_Exercise_
Below is a listing with pictures in it; transcribe exactly the lines from the one that has "Yarım Boğaz Büzgülü Sandy Bluz Siyah" through the one that has "const string = devs.map(dev", and omit those pictures.
━━━ Data section ━━━
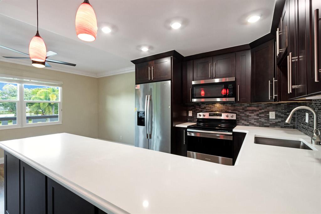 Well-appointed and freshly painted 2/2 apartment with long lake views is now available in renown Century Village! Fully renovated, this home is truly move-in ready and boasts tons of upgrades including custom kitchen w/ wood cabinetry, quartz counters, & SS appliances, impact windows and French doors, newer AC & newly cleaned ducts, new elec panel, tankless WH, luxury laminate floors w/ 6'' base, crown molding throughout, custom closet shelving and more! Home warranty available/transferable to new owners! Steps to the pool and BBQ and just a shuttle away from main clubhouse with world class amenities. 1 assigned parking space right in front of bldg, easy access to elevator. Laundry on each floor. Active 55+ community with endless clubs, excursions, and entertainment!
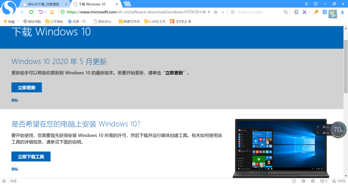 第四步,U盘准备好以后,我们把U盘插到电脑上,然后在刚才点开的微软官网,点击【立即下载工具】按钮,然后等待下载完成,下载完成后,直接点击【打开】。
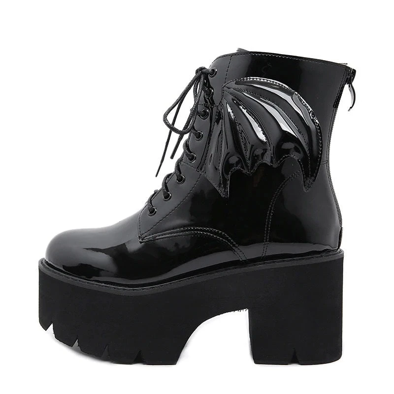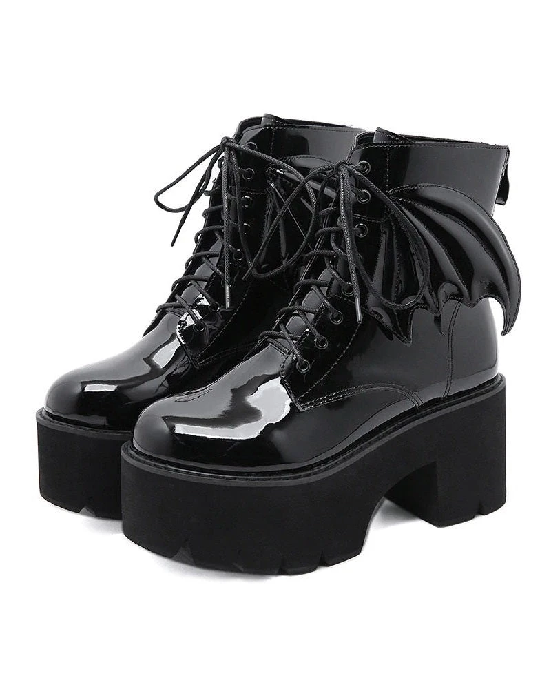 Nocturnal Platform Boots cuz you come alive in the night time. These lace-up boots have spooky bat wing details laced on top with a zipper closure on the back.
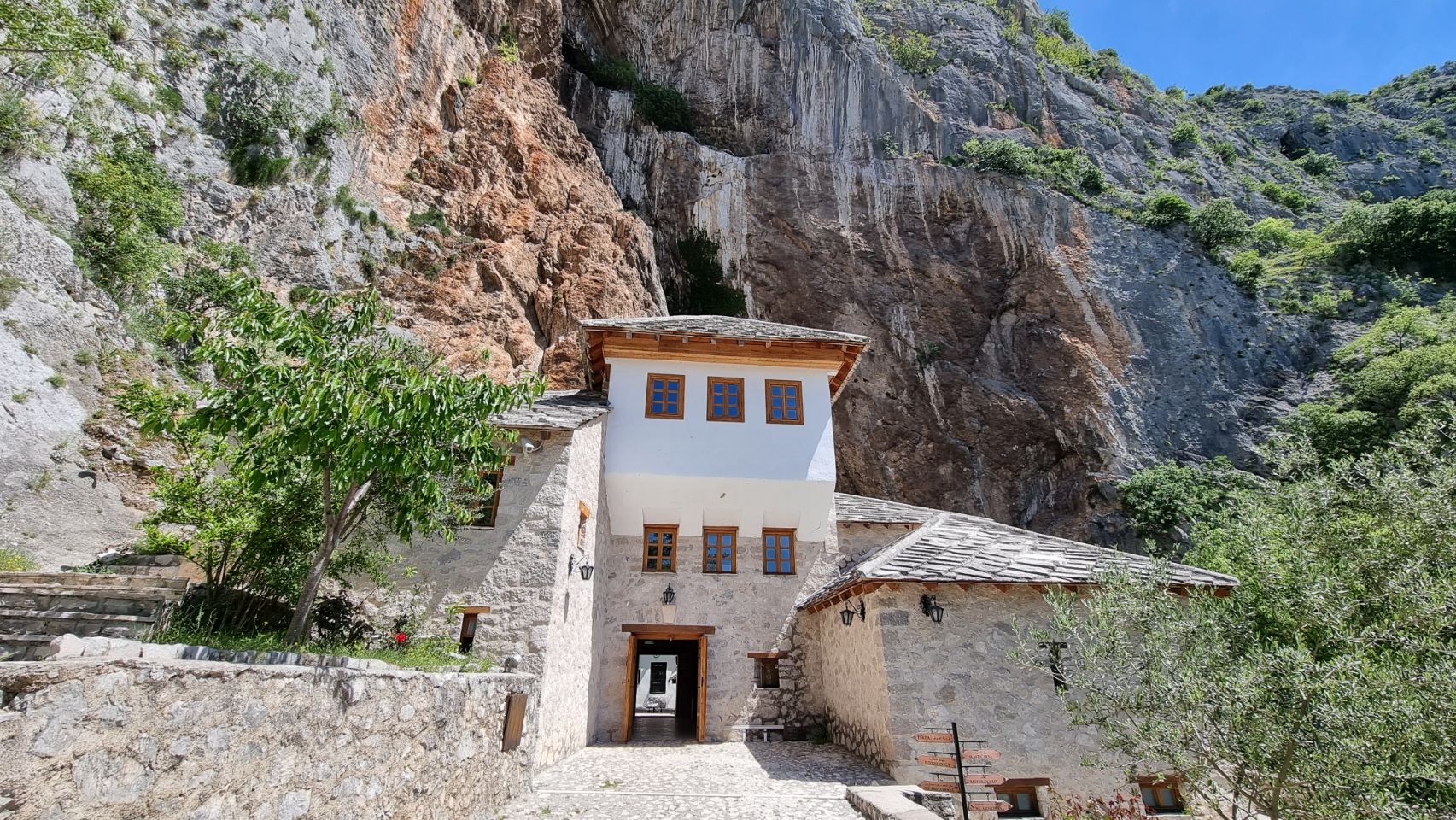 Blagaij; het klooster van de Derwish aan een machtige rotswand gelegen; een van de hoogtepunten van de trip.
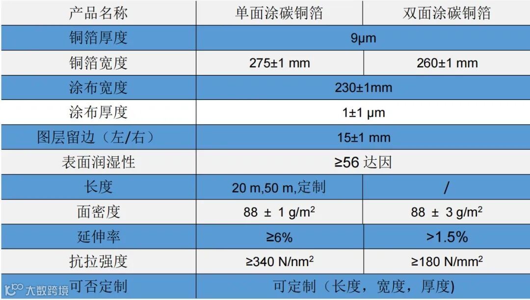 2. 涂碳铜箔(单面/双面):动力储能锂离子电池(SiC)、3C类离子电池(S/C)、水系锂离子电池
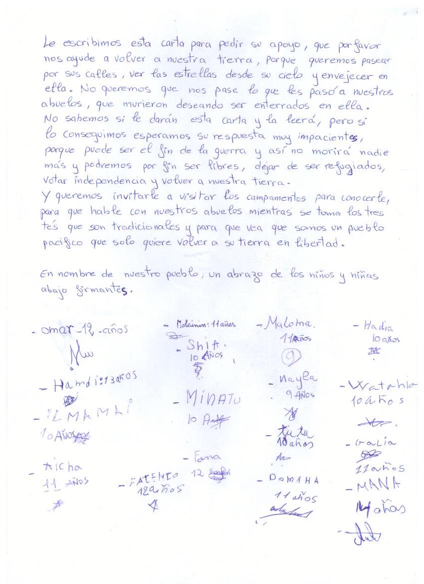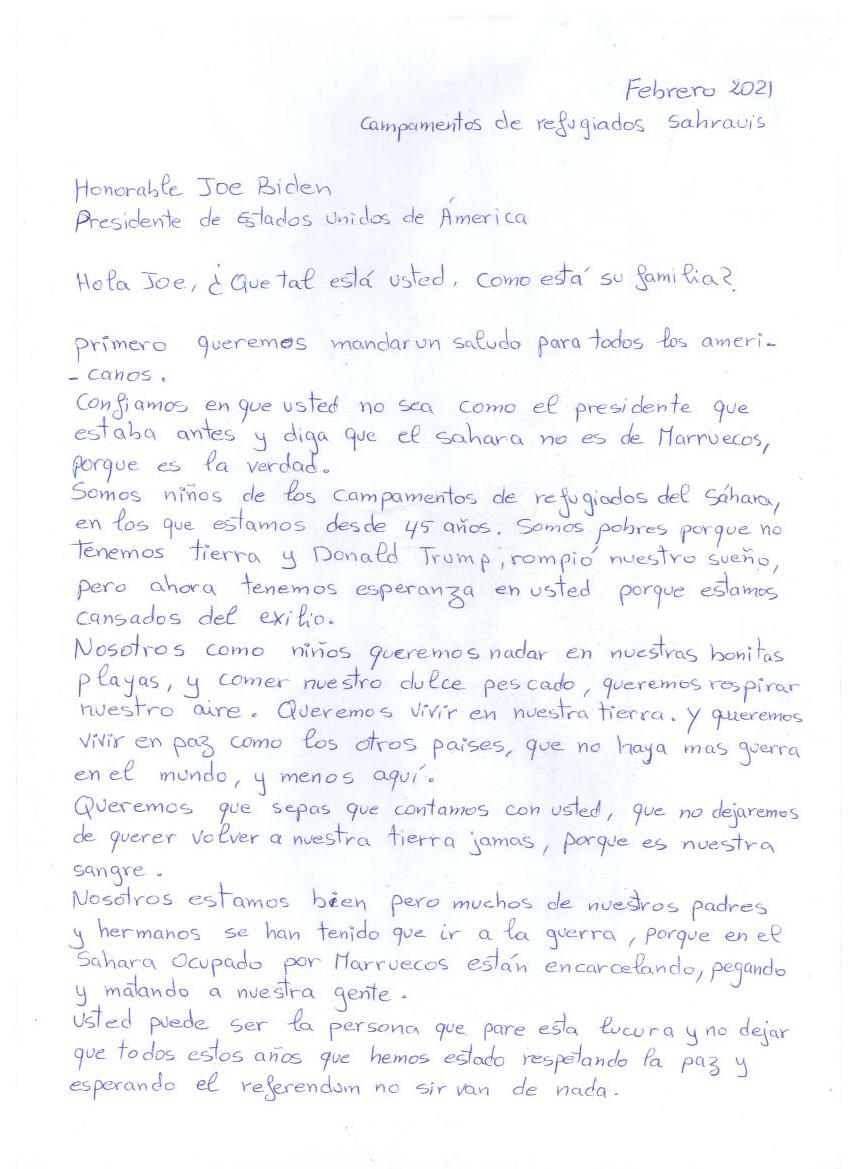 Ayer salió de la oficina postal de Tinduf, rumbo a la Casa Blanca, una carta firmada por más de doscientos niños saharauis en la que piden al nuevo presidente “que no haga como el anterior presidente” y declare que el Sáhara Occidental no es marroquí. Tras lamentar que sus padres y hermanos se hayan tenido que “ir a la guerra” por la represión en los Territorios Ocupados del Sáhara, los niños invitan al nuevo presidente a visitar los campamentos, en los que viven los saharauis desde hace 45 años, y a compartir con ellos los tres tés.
━━━
━━━ Data section ━━━
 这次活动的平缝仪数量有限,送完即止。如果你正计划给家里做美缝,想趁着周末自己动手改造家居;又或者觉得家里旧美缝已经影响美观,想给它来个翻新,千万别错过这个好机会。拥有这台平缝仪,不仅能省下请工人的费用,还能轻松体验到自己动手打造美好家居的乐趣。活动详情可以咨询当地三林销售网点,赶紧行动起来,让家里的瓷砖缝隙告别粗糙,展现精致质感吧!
━━━
━━━ Data section ━━━
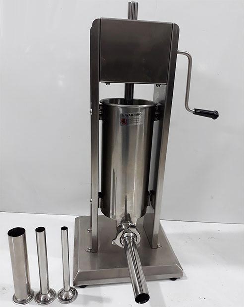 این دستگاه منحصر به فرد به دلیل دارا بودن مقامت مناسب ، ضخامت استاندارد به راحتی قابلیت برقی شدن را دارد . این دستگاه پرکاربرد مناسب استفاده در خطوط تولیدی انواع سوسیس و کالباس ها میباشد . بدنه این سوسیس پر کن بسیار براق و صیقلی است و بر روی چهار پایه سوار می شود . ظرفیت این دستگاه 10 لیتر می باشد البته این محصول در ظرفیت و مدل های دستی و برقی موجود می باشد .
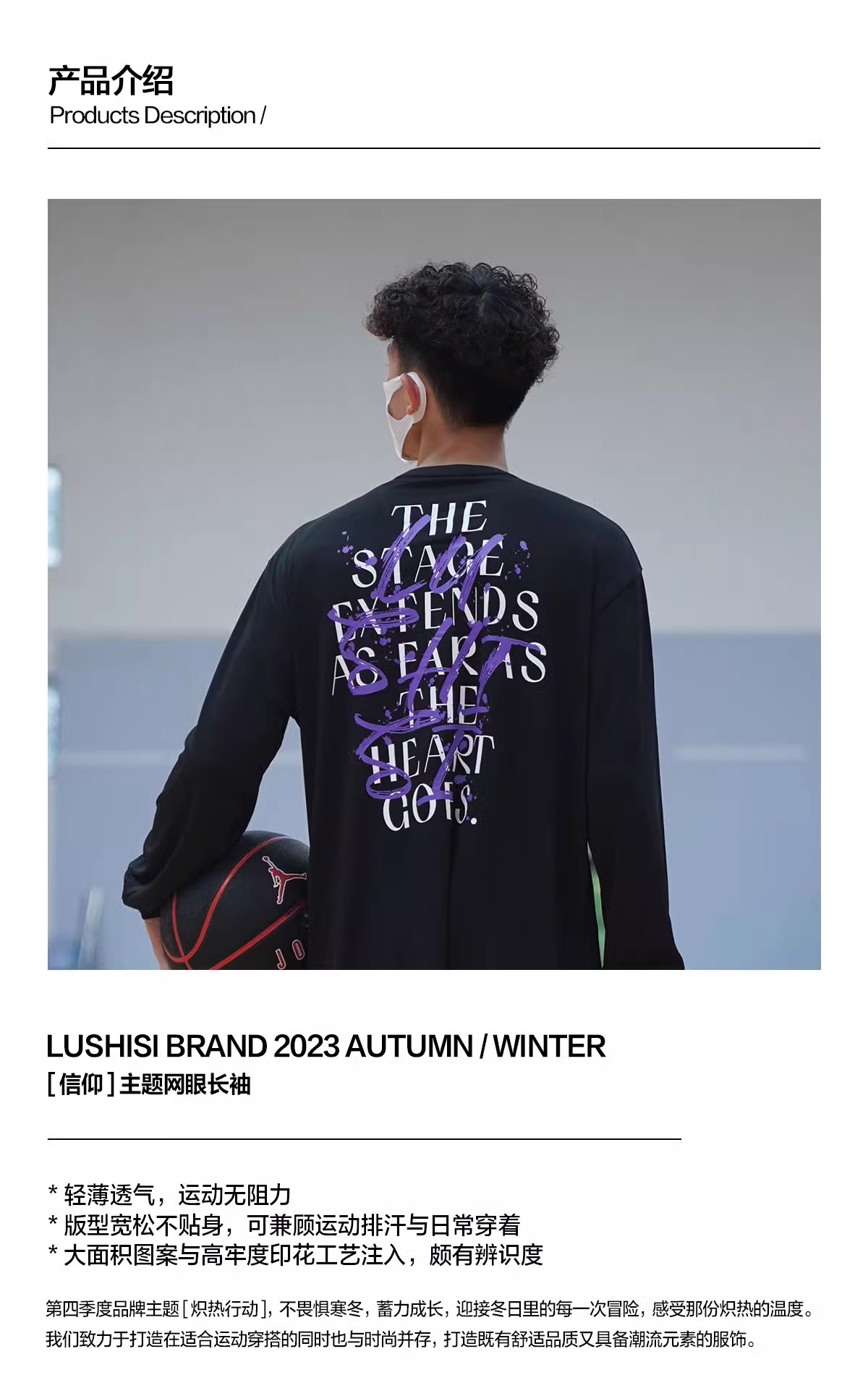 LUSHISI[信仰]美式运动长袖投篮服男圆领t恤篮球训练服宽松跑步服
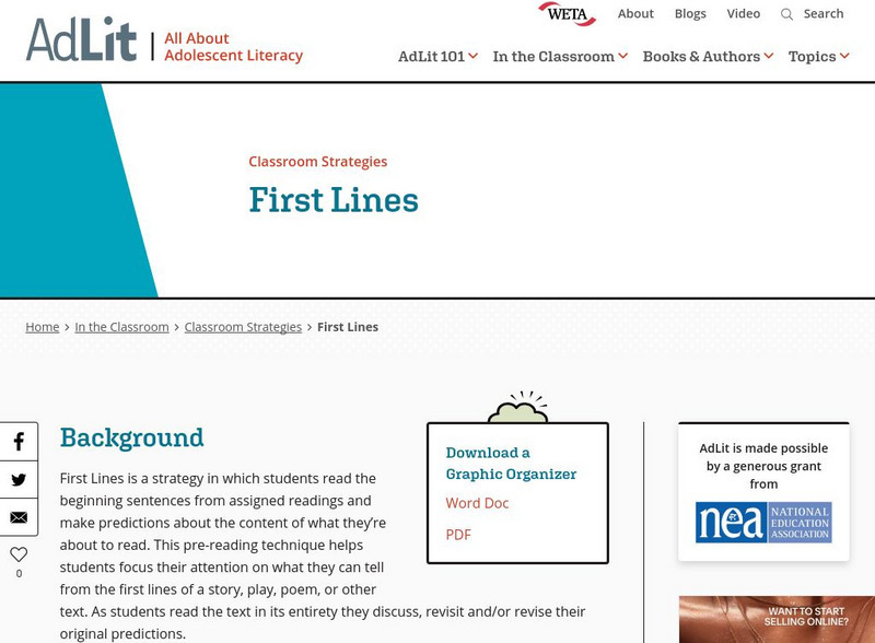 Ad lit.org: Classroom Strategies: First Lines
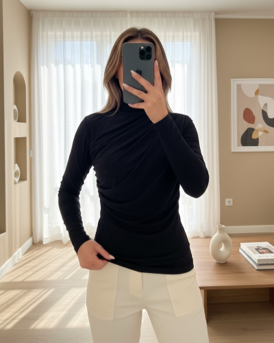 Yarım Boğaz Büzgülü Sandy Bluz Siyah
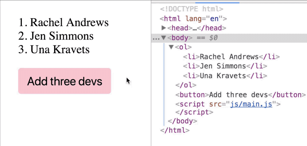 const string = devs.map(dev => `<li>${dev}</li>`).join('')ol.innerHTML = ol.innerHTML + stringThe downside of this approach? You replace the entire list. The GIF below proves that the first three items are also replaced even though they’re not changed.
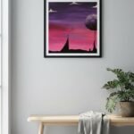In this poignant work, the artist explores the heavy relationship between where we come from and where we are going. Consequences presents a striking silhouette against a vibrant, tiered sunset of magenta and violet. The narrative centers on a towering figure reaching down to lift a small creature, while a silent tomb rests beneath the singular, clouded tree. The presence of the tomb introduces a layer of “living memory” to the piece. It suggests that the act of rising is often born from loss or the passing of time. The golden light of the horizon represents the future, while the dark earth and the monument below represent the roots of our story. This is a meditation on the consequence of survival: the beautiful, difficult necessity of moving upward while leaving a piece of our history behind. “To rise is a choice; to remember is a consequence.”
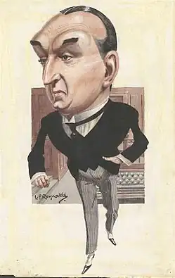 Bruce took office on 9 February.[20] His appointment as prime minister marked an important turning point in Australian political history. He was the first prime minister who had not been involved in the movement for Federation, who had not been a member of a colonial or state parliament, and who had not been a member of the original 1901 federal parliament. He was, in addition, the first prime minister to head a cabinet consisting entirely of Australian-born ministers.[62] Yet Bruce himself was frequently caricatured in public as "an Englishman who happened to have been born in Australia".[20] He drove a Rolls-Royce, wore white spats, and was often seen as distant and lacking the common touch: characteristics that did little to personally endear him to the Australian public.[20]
━━━
_Problem solution_
 Yarım Boğaz Büzgülü Sandy Bluz Siyah
 const string = devs.map(dev => `<li>${dev}</li>`).join('')ol.innerHTML = ol.innerHTML + stringThe downside of this approach? You replace the entire list. The GIF below proves that the first three items are also replaced even though they’re not changed.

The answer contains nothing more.